It was grade eight, tryouts for a SaskFirst volleyball team. My memory is notoriously fickle with what it files away, but the stories it decides to keep, I’ll remember vividly. This is one. A warm fuzzy story of overcoming obstacles and making the team? Nope.
Because I didn’t.
I was a decent volleyball player, considering I was 5’3” then, and haven’t grown since lol. Gary and Lois Dodds were our teachers and coaches all the way through junior and senior. A lot of you will know who they are, so really, with instructors like that, how could I not have learned some solid skills? Like I said, I wasn’t terrible.
No, the reason these tryouts are stuck in my brain is because of something they told us just before announcing the cuts: “We can make taller players better, but we can’t make better players taller.”

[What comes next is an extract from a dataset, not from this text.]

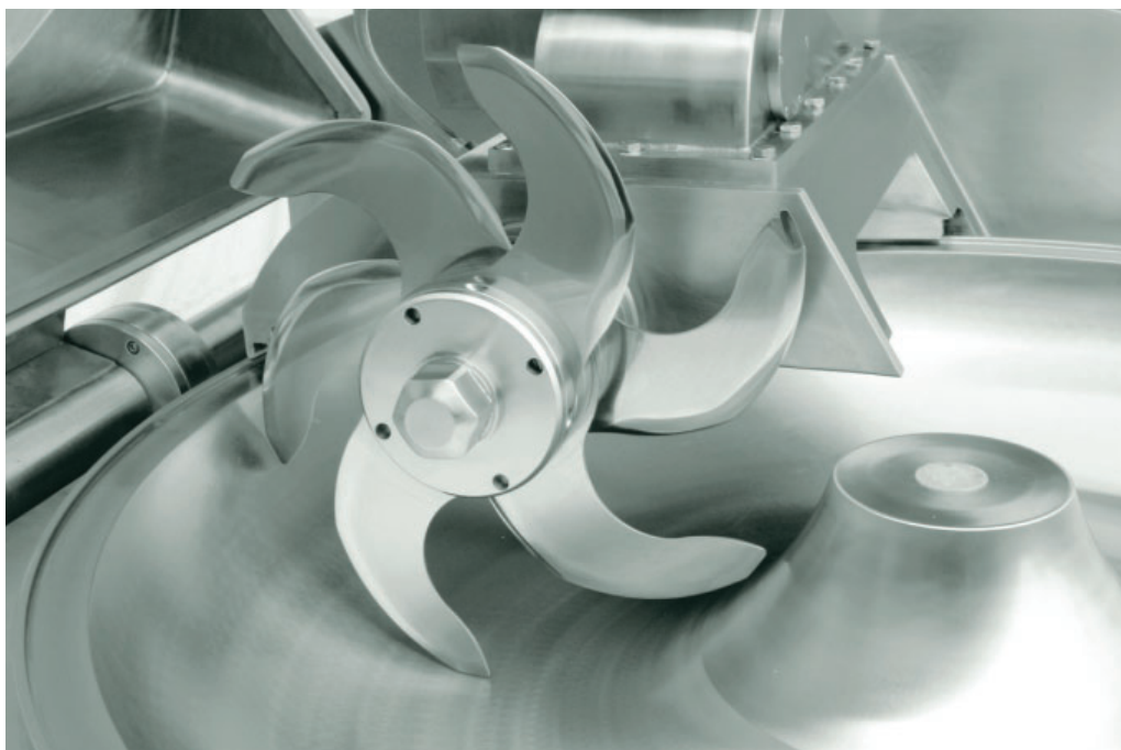
Cutting set on the FBC Series

I had two thoughts. The first wasn’t very nice. The second? I knew I didn’t have a chance.
I get that I probably sucked more than I’d like to think, but they told the truth, and it hurt when the tallest girl in our school, but not the strongest player by a mile, made it through that round. It’s not that I was defeated and never played the sport again. Not at all. But it was an awakening for me, an epiphany in how the world worked. Coming from a family where working hard always translated into results, whether in grades or music or sports, this just didn’t correlate for me. In hindsight, had they just made the cuts without the disclaimer, I probably would have struggled with my classmate making it, but knowing there was a hidden criteria made it worse somehow.
Weston Dressler, I feel ya.
Dressler’s one of those success stories that you want kids to learn about: to not let someone else determine how far your dream goes. This past week we watched the new Nike ad, featuring Colin Kaepernick. There’s so many great lines in those two minutes and twenty seconds, but we chose this one: don’t ask if your dreams are crazy, ask it they are crazy enough. Then a student volunteered to share his quickwrite, about how every single person has laughed at his dream to become (coincidentally) an Olympic volleyball player. And no one laughed. Sometimes I love kids so much.
As a teacher, I don’t ever want to be someone, even inadvertently, who limits what a kid thinks that they can do. What they will become. What they dream.
But it happens, and as an educational collective, there are still prevailing philosophies that are dream-squashers (especially in sports but that’s another rant for another time.) That was the only part in the Nike ad that I struggled a bit with: being the best. “Don’t try to be the fastest runner in your school or in the world. Be the fastest ever.” The flip side is that it’s important for kids to be okay with who they are too…and for almost every one of them, it’s not going to be a world champion. In fact, most kids will never be “the best” at anything. Not at a national level, or provincial level, or division level. Maybe not at a school level. Maybe not even at a classroom level. (That’s a paralyzing thought for a teacher, and one that reaffirms to me the importance of creating an environment with learning for learning’s sake, not for a number.)
You don’t need to be the best to try. Or to have fun. Or to learn skills that will stay with you for a lifetime. (Or love to play volleyball even if you are short enough to walk under the net without ducking!) I think it’s important for us to model that lifelong learning too - for kids to realize that we dream throughout our lives, even as grownups. I still have dreams. Lots of them. Some get said out loud, some shared with only a few trusted people, some whispered quietly to myself, and some just reside in my head until I’m brave enough to give them breath.
I had a mom moment this week that made me think about all of this. It’s not something I’ll share, but I can tell you that I felt like I was back in grade eight myself. And I had two thoughts. The first wasn’t very nice. The second? I want him to follow his dreams and on his terms. Period. The third? We can all be better, and be 'our best' even if we will never be ‘the best.’
Tawâw. Tervetuloa. Everyone is definitely welcome.
p.s. “The woods would be silent if no birds sang except the best.” And that would suck.